Supplied information below:

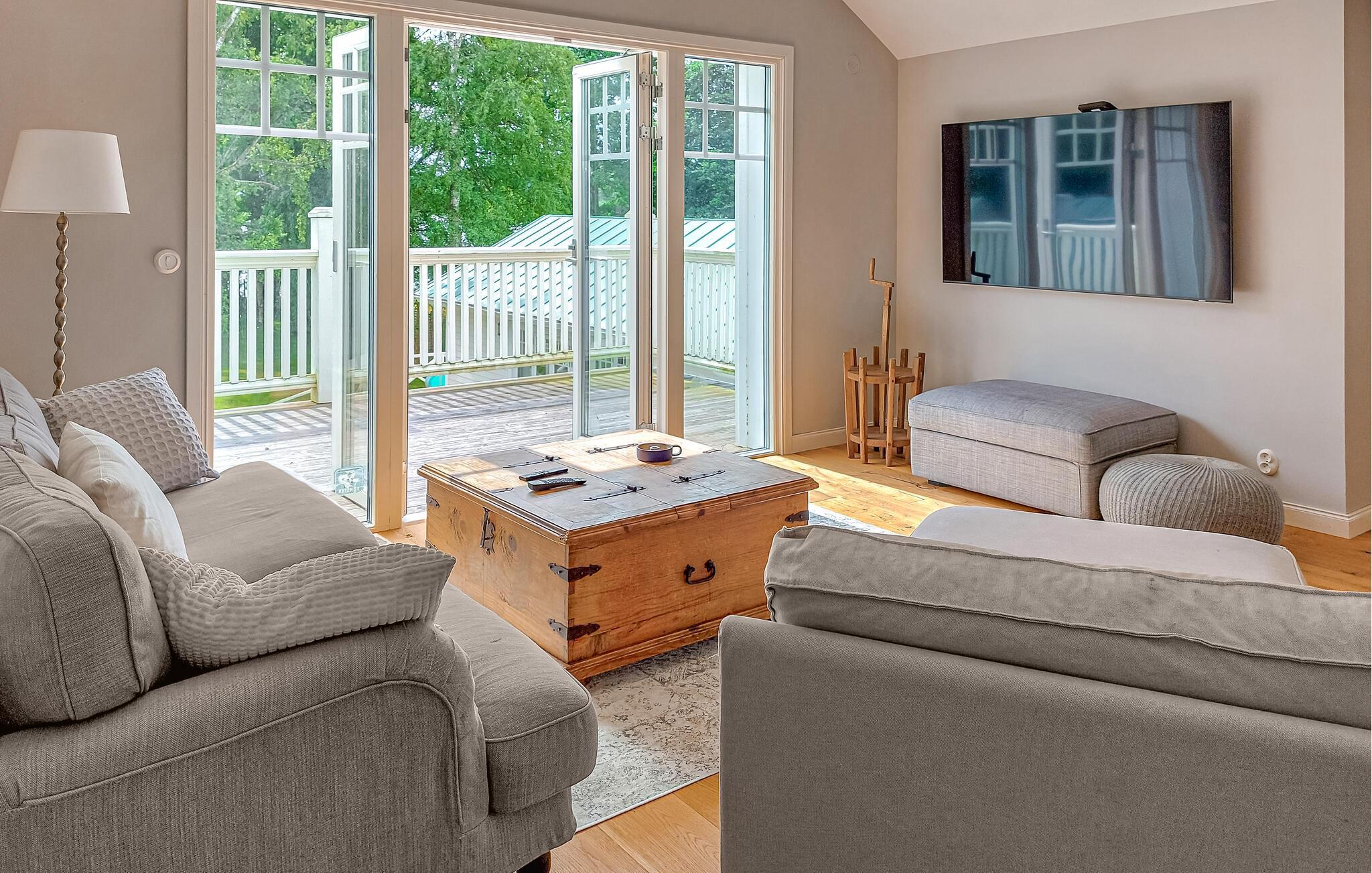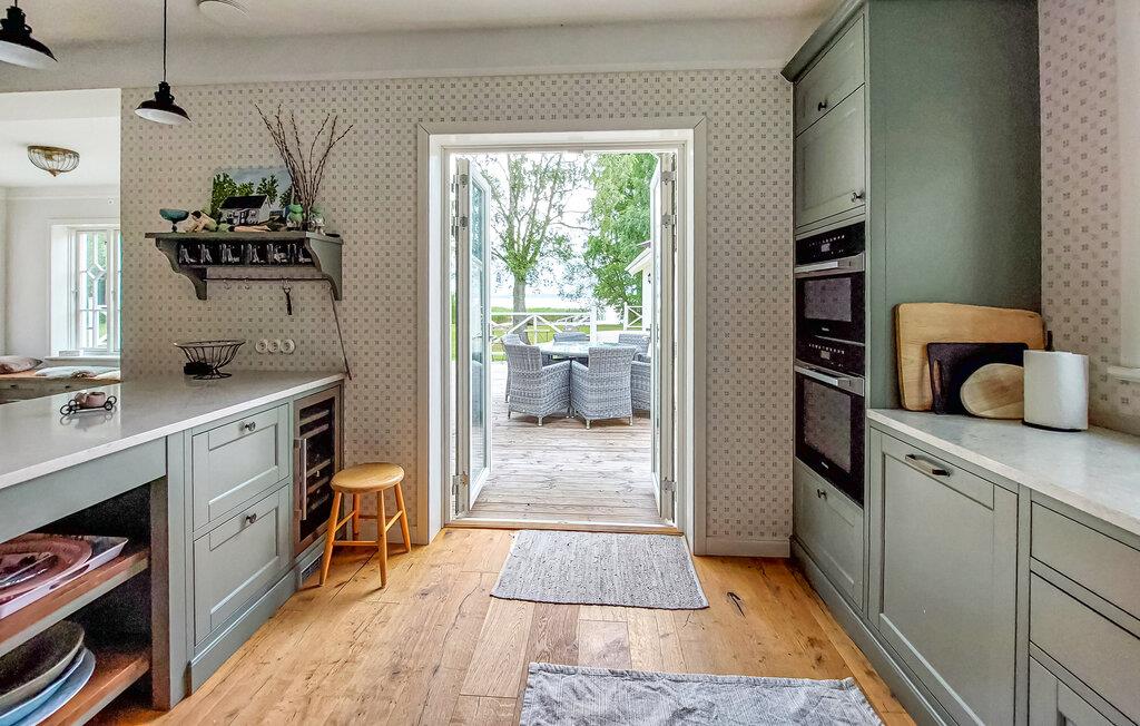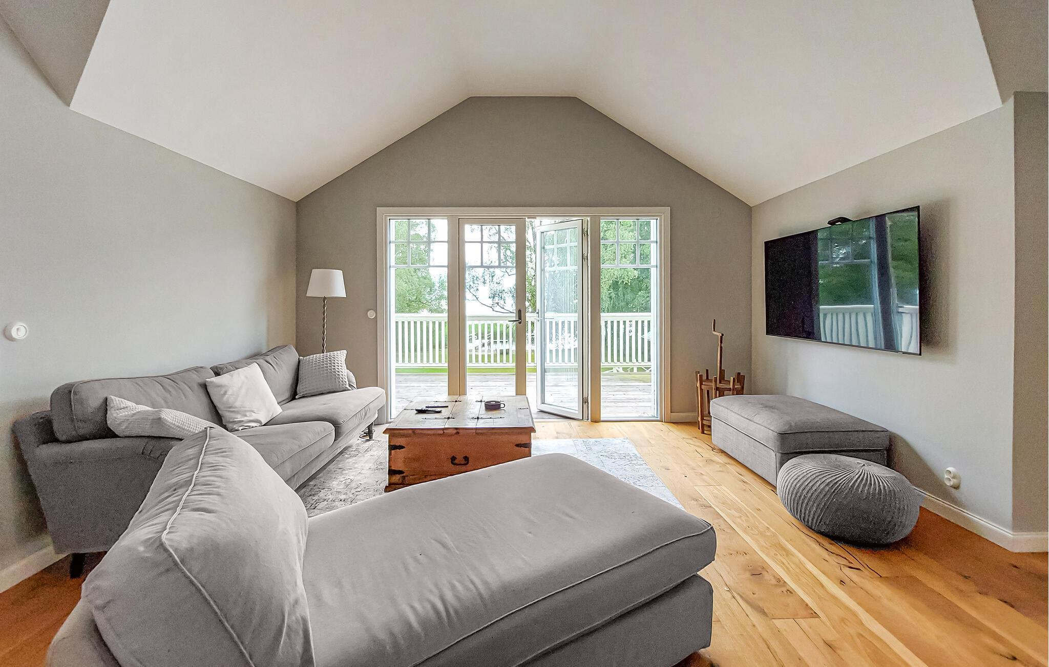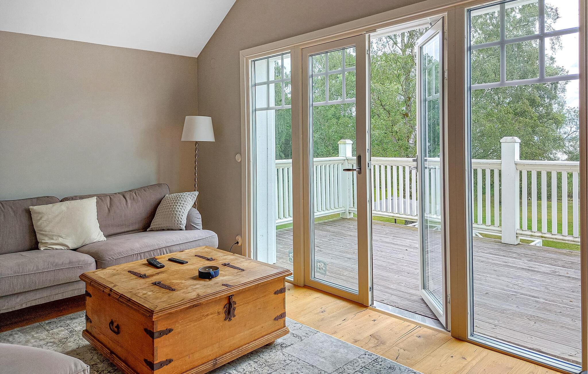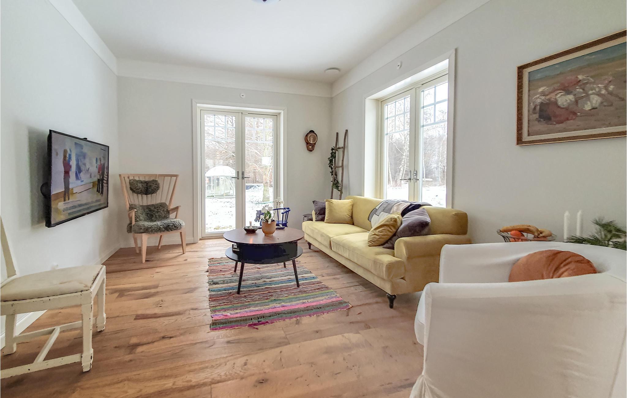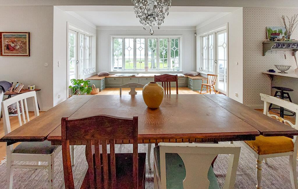 Det idyllisk beliggende hus i karakteristisk svensk stil byder jer velkommen ved søen Östra Ringsjön og tilbyder jer de bedste betingelser for et hyggeligt afbræk med familie eller venner. Med sine lyse værelser og hjemlig indretning er det det ideelle sted at slappe af. Flere hyggelige siddepladser med bløde sofaer og komfortable lænestole sikrer, at I kan nyde søpanoramaet fuldt ud. Føl jer godt tilpas i de rummelige fællesområder og nyd tiden sammen. Den store ejendom byder på masser af plads til at lege og slappe af.
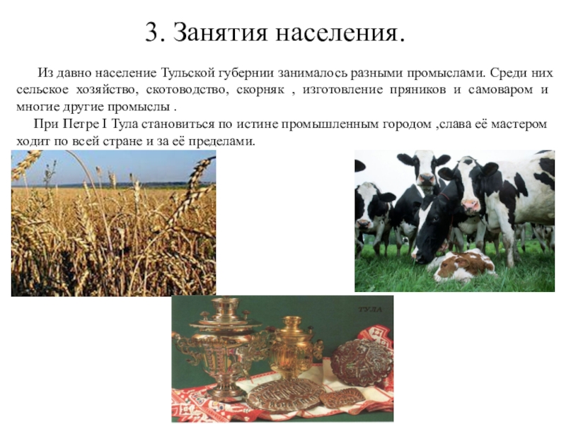 Из давно население Тульской губернии занималось разными промыслами. Среди них сельское хозяйство, скотоводство, скорняк , изготовление пряников и самоваром и многие другие промыслы .
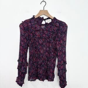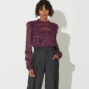 Cleobella Fiorella Blouse Bordeaux Floral Top size Small Romantic Feminine
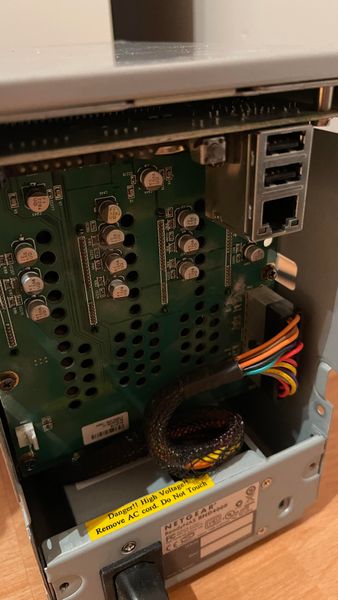 The eBay listing doesn't say in the title that it's for a ReadyNAS, you have to read the whole listing, which I didn't. So no rewiring should be necessary. But you also need working cooling for the supply, and a blocked fan won't accomplish that. So I disagree with the seller that this is a "drop-in replacement". I usually swap out the cover for the original and air dam and disable the fan, but I'm not sure that's possible with that particular supply. The other option is to install the supply slightly back. On the first one I did, I used some aluminum duct tape to just tape it inside the tray, and it seemed to work well.
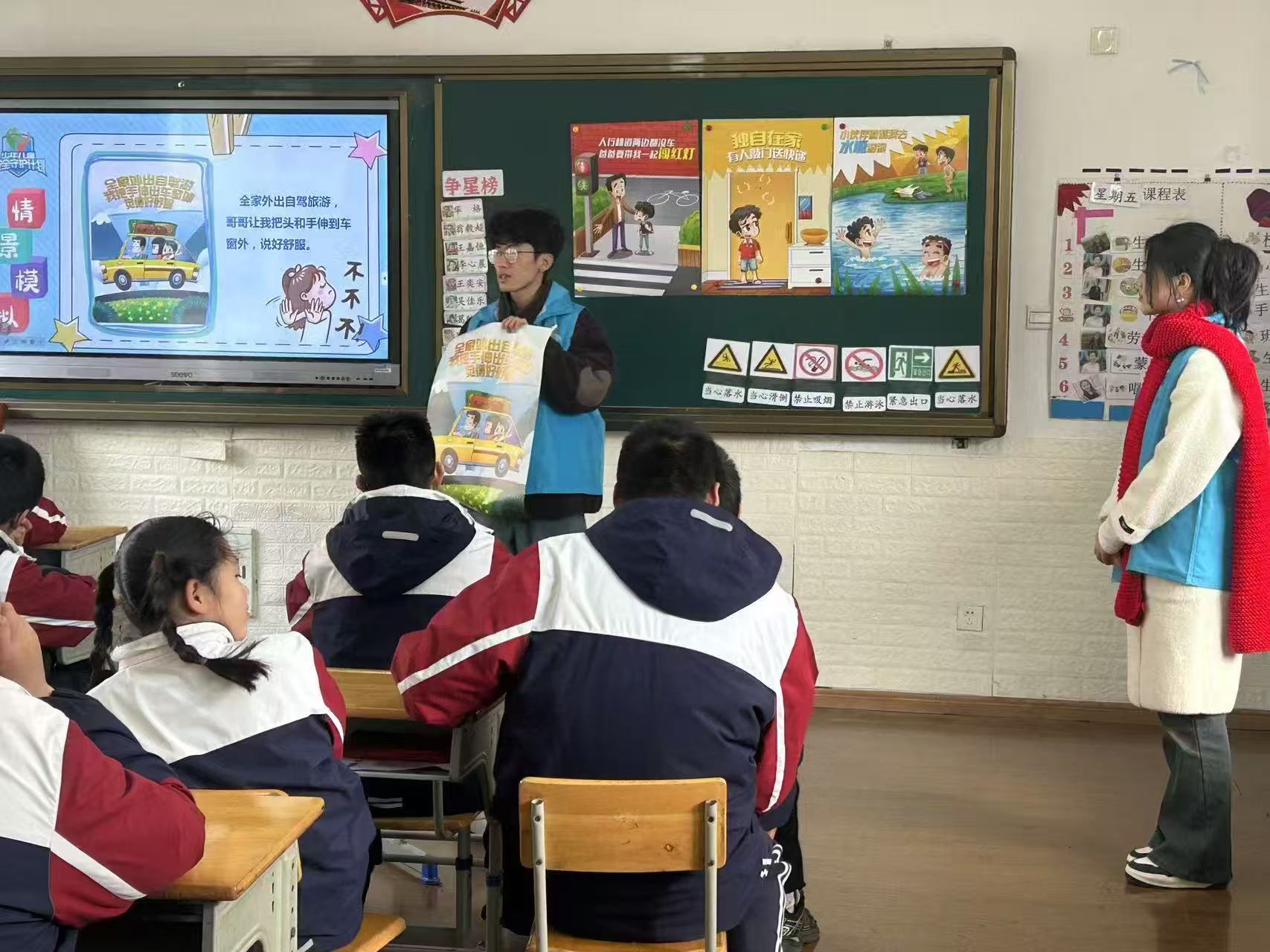 杨立濠参与志愿服务,为同学们讲解安全知识。受访者供图

End of Supplied information.

Aim of the exercise
All lines from the one containing "Cleobella Fiorella Blouse" to the last line of the records above, and no others, should be returned unchanged, without pictures.

Output for this exercise
 Cleobella Fiorella Blouse Bordeaux Floral Top size Small Romantic Feminine
 The eBay listing doesn't say in the title that it's for a ReadyNAS, you have to read the whole listing, which I didn't. So no rewiring should be necessary. But you also need working cooling for the supply, and a blocked fan won't accomplish that. So I disagree with the seller that this is a "drop-in replacement". I usually swap out the cover for the original and air dam and disable the fan, but I'm not sure that's possible with that particular supply. The other option is to install the supply slightly back. On the first one I did, I used some aluminum duct tape to just tape it inside the tray, and it seemed to work well.
 杨立濠参与志愿服务,为同学们讲解安全知识。受访者供图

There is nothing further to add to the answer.